Coot’s descendants, however, appealed claiming that a 1981 copyright agreement that was sent to the US Copyright Office that effectively voided the 1951 agreement. Therefore, the contract as currently stands had never been renegotiated, termination rights stand, and the family can get the copyright back next year.
Confusion behind the case begins in 1934, when Coots and his co-author Haven Gillespie sold the tune to one Leo Feist of EMI Feist (owned by Sony). In 1951, Coots granted copyright renewal rights to Feist which EMI sought to enforce. Coots, who wrote the music for hundreds of songs before his 1985 death, co-wrote the song in 1933 with James Lamont “Haven” Gillespie, who died in 1975. Coots and Gillespie had assigned the rights in the song to publisher Leo Feist back in the 1930s, with subsequent deals being made between the songwriters and their publisher in 1951 and 1981.
Given the various renegotiations that had occurred in relation to this song over the years, EMI argued that the Coots estate no longer had a termination right.
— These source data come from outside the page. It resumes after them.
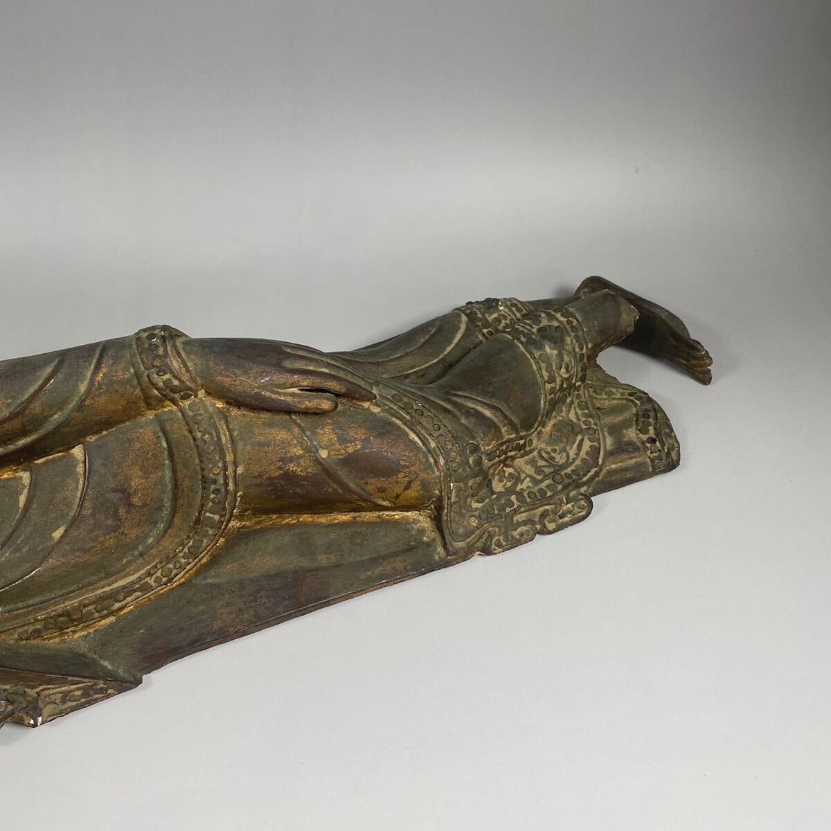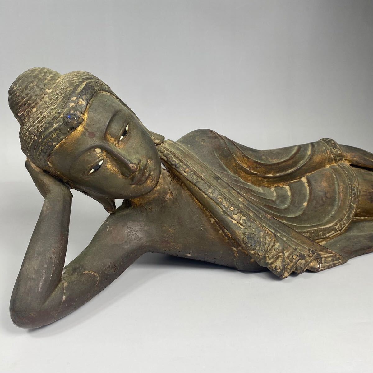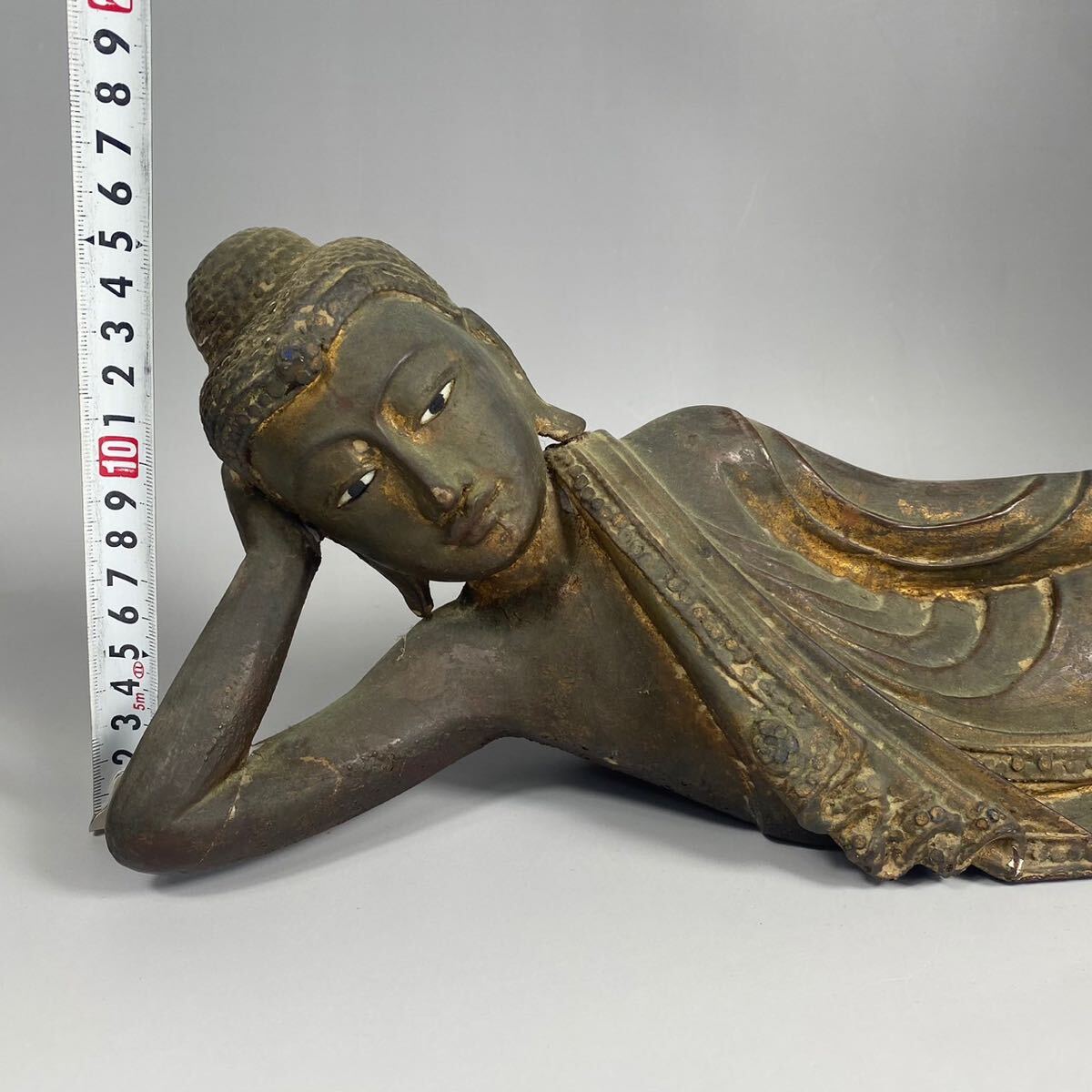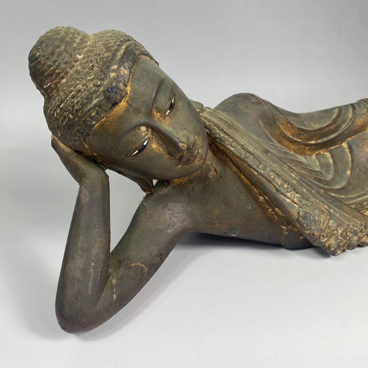 時代物 木彫り 涅槃像 涅槃仏 仏像 古美術 置物 骨董 美術品 仏陀 釈迦 ミャンマー 金仏 アンティーク 仏教美術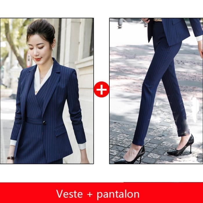 Veste Pantalon Costume Femme De Marque Costume De Mode A Rayures Coreens Costume De Travail Automne Et Hiver Ensemble De Bleu Achat Vente Costume Tailleur Soldes Des Le 15 Juillet Cdiscount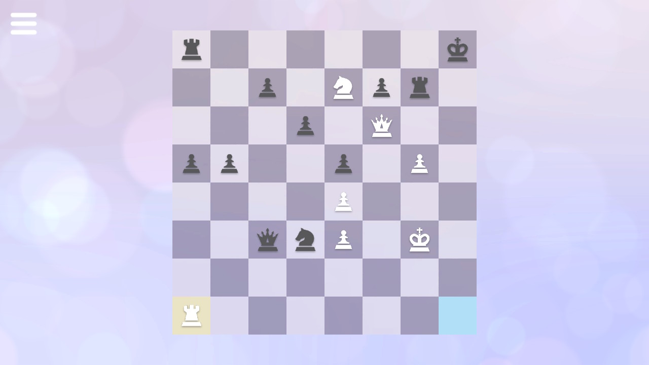 The “Zen” part in Zen Chess comes from the minimalistic way the game is presented in. The visuals are all intentionally kept smooth and simple not to deteriorate from the actual gameplay. You can change the look of the game with some color schemes to choose from but that’s about it. The music helps to get to the Zen state. Soothing loungy music accompanying minimalistic visions, make this game all about your thought process during the challenges. I actually caught myself playing this game for a long time without even noticing the time passing by. A small caveat I had was the fact that the music repeats itself a bit too fast. So a bigger soundtrack might’ve helped. Taking into consideration the low cost of this collection, I can’t be too picky though.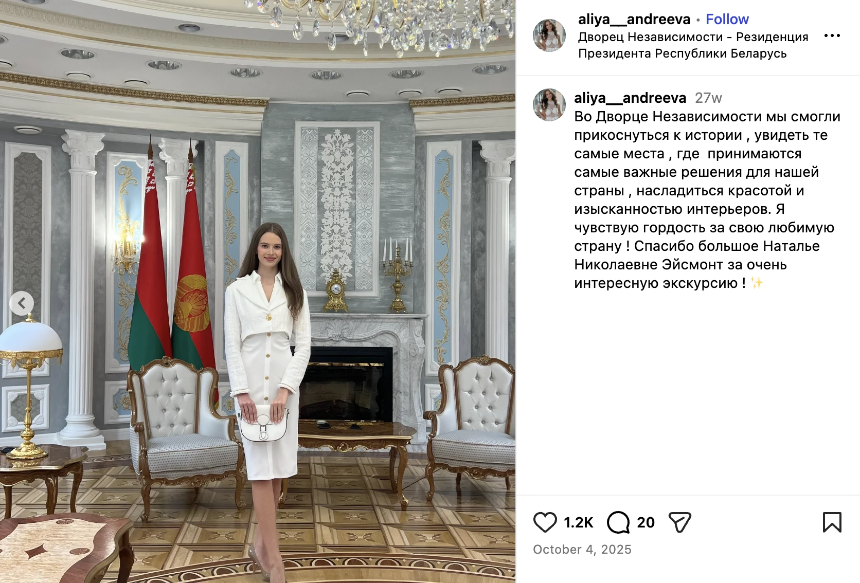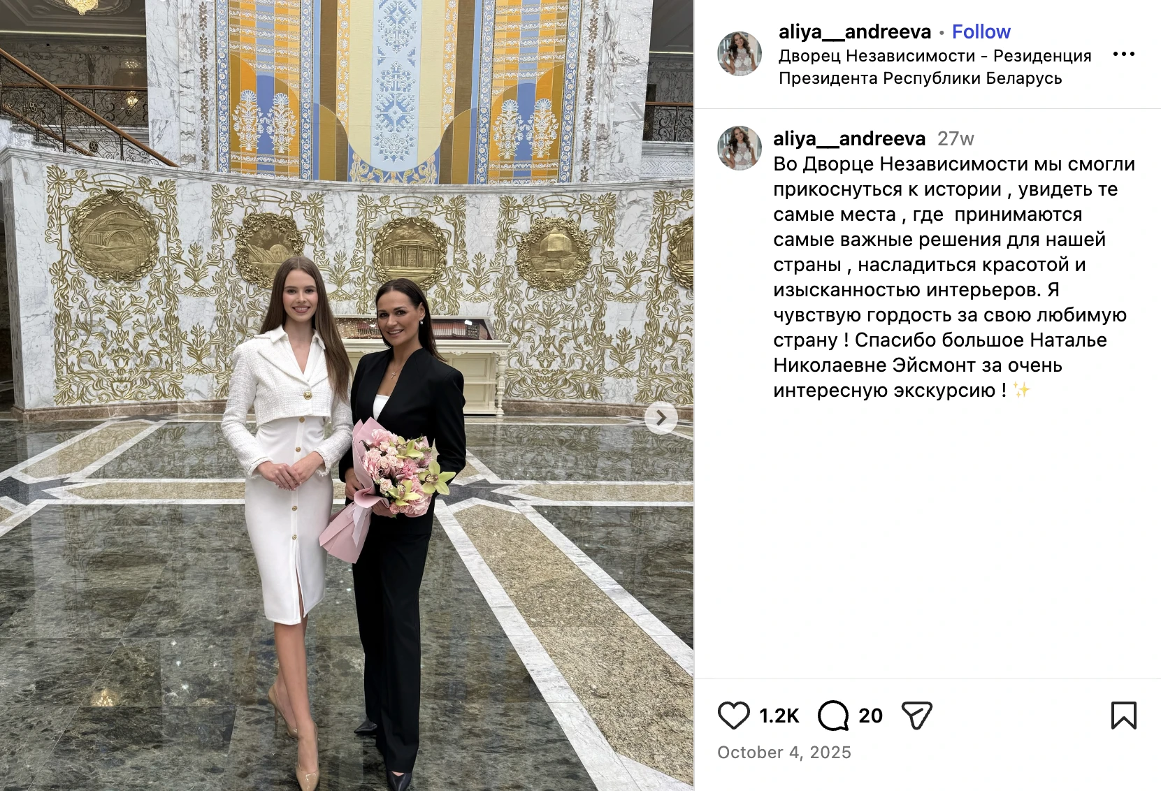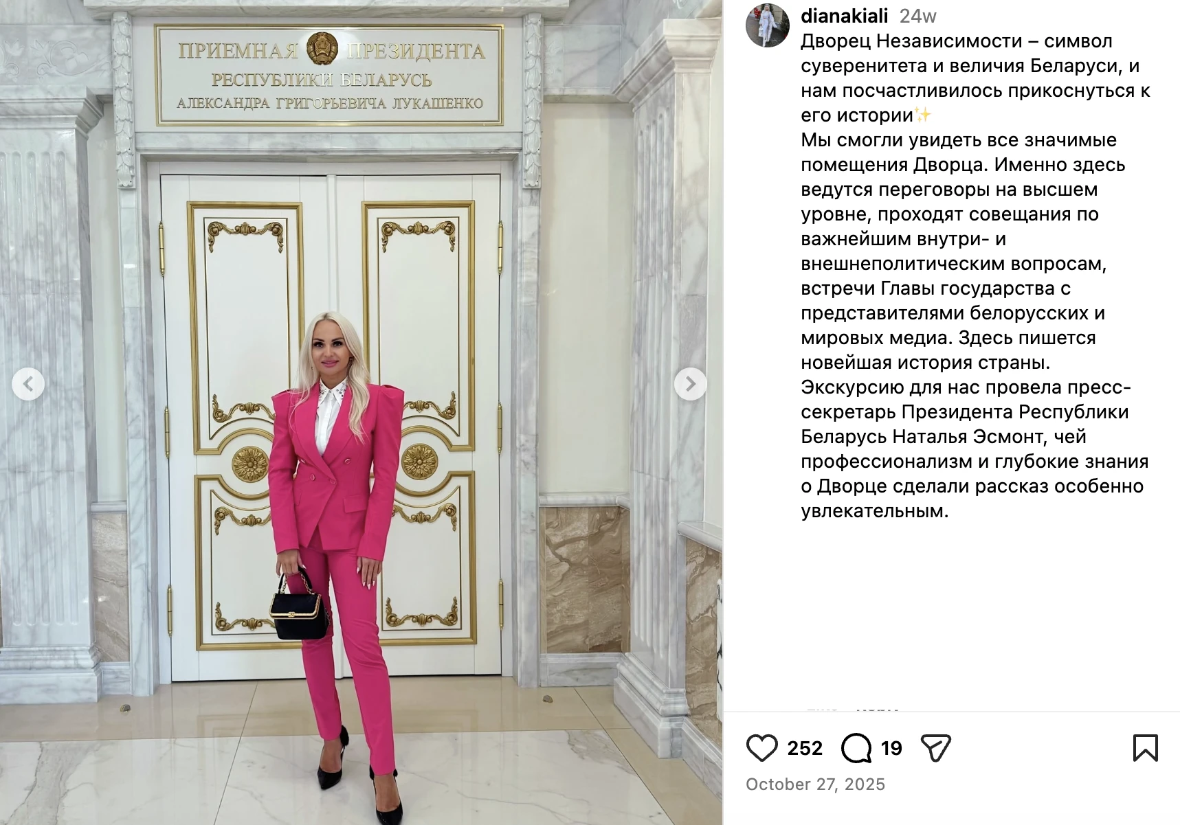 Также Короткая – желанная гостья во Дворце независимости. В октябре 2025 года экскурсию ей там провела Наталья Эйсмонт, пресс-секретарь Лукашенко.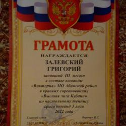 ![]() 24 апреля в Темрюке в спортивном клубе "Барс" прошел III тур открытого Чемпионата города Темрюка по настольному теннису. В соревнованиях среди сильнейших взрослых теннисистов принял участие воспитанник СШ "Виктория" Григорий Залевский наряду с тренерами Игорем Курочкиным и Галиной Соколовой. |

There are complications with termination rights where publishing deals have previously been renegotiated.
Back in 2007, Coots’ estate filed termination papers, putting EMI on notice that they wanted to take back the rights in the song. Lawyers opposing the lawsuit had argued that Coots gave up some rights when he in 1981 accepted $100,000, which he distributed to his children. The estate countered that the 1981 deal constituted a new contract and that termination should be allowed 35 years after that arrangement.
However, back in 1981 Feist never filed the appropriate papers with the US Copyright Office to confirm that fact, so at first instance in this dispute the courts sided with EMI, ruling that the Coots family no longer had the right to terminate. Under US copyright law, songwriters have a right to terminate their publishing contracts after 35 years, though that law stems from the mid-1970s, so the impact of it has only started to occur in recent years. Yet, the Second Circuit Court of Appeals new ruling is that the 1981 agreement “made it sufficiently clear that the parties intended to replace the earlier contract”, even though some of the required formalities hadn’t been fulfilled.
The current heirs were described in the lawsuit as Gloria Coot Baldwin, three granddaughters and three grandsons. Baldwin, 81, and two granddaughters sued EMI Feist Catalog Inc. in Manhattan federal court in 2012, claiming entitlement to re-establish their share of publishing copyright ownership in December 2016. Baldwin — one of the composer’s four children — said she initiated the legal case for the benefit of younger relatives.
According to court papers, Coots’ heirs had been offered $2.75 million by EMI about eight years ago to drop claims. She said the family had always received a songwriter’s royalty cut but no longer got payouts from publishing rights. She said she did not know how much those rights were worth.
Now, decisions about the song’s use are made by granddaughters of Coots living in Connecticut and California.